L'indemnité pour licenciement sans cause réelle et sérieuse est destinée à réparer le préjudice résultant, pour le salarié, de l'absence de cause réelle et sérieuse du licenciement qui a été prononcé à son encontre, donc du caractère "illicite", "injustifié" de la rupture prononcée.

L'indemnité pour licenciement abusif a pour objet de réparer le préjudice, le plus souvent moral, subi par le salarié à l'occasion de la rupture de son contrat de travail. Ce n'est donc pas ici la rupture qui est indemnisée, mais les circonstances qui l'ont entourée.

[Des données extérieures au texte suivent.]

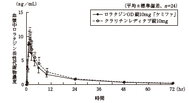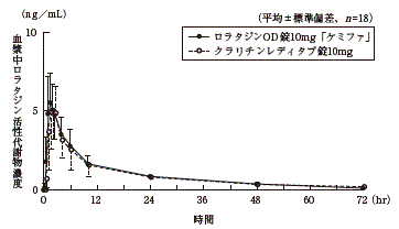 ロラタジンOD錠10mg「ケミファ」とクラリチンレディタブ錠10mgを、クロスオーバー法によりそれぞれ1錠(ロラタジンとして10mg)健康成人男性に絶食単回経口投与(水で服用及び水なしで服用)して血漿中ロラタジン活性代謝物濃度を測定し、得られた薬物動態パラメータ(AUC、Cmax)について90%信頼区間法にて統計解析を行った結果、log(0.80)~log(1.25)の範囲内であり、両剤の生物学的同等性が確認された3) 。

La source et l'objet de ces deux indemnités étant distincts, l'indemnité pour licenciement abusif sera accordée indépendamment du caractère réel et sérieux du licenciement, donc éventuellement en plus de l'indemnité versée à ce dernier titre, ou en l'absence d'une telle indemnité.

  • Indépendance de l'indemnité pour licenciement abusif et de l'indemnité pour licenciement sans cause réelle et sérieuse

Il est de principe que l'indemnité de licenciement sans cause réelle et sérieuse constitue une indemnité minimale qu'il appartient au juge de fixer en fonction du préjudice subi, et qu'elle peut être cumulée avec d'autres indemnités (QE n° 40405 de M. Boucheron Jean-Michel, JOANQ 24 janvier 2000 p. 419, Emploi et Solidarité, réponse publ. 28 août 2000 p. 5068, 11ème législature N° Lexbase : L9141BB8). Le cumul de l'indemnité pour licenciement abusif avec l'indemnité pour licenciement sans cause réelle et sérieuse est donc possible, le cumul n'étant subordonné qu'à la caractérisation d'un préjudice distinct pour le salarié de celui résultant du licenciement (Cass. soc., 21 février 1995, n° 93-44.340, Société à responsabilité limitée Holdgestion c/ M. Bernard Mingasson, inédit N° Lexbase : A8625AGK).

Corrélativement, le salarié pourra se voir attribuer une indemnité pour licenciement abusif malgré la reconnaissance du caractère réel et sérieux du licenciement, voire même la caractérisation d'une faute grave (Cass. soc., 24 octobre 1991, n° 90-42.668, Mme Daumin c/ Société Usab, inédit N° Lexbase : A8425AG7).

Il en ira ainsi toutes les fois, par exemple, que le licenciement justifié a été entouré de circonstances vexatoires (Cass. soc., 19 juillet 2000, n° 98-44.025, M. Lejosne c/ Société Brent, publié N° Lexbase : A9185AGB) ou brutales pour le salarié ; mais si et seulement si ces faits sont avérés...

Décision

Cass. soc., 3 octobre 2007, n° 05-44.958, Société des régies mixtes des transports toulonnais (RMTT), FS-P+B (N° Lexbase : A6525DYC)

Cassation partielle (CA Aix-en-Provence, 18ème chambre, 6 septembre 2005)

Textes visés et concernés : C. civ., art. 1147 (N° Lexbase : L1248ABT) ; C. trav., art. L. 122-3-4 (N° Lexbase : L4598DZC).

Mots-clefs : requalification ; indemnisation ; indemnité de précarité ; indemnité pour licenciement abusif.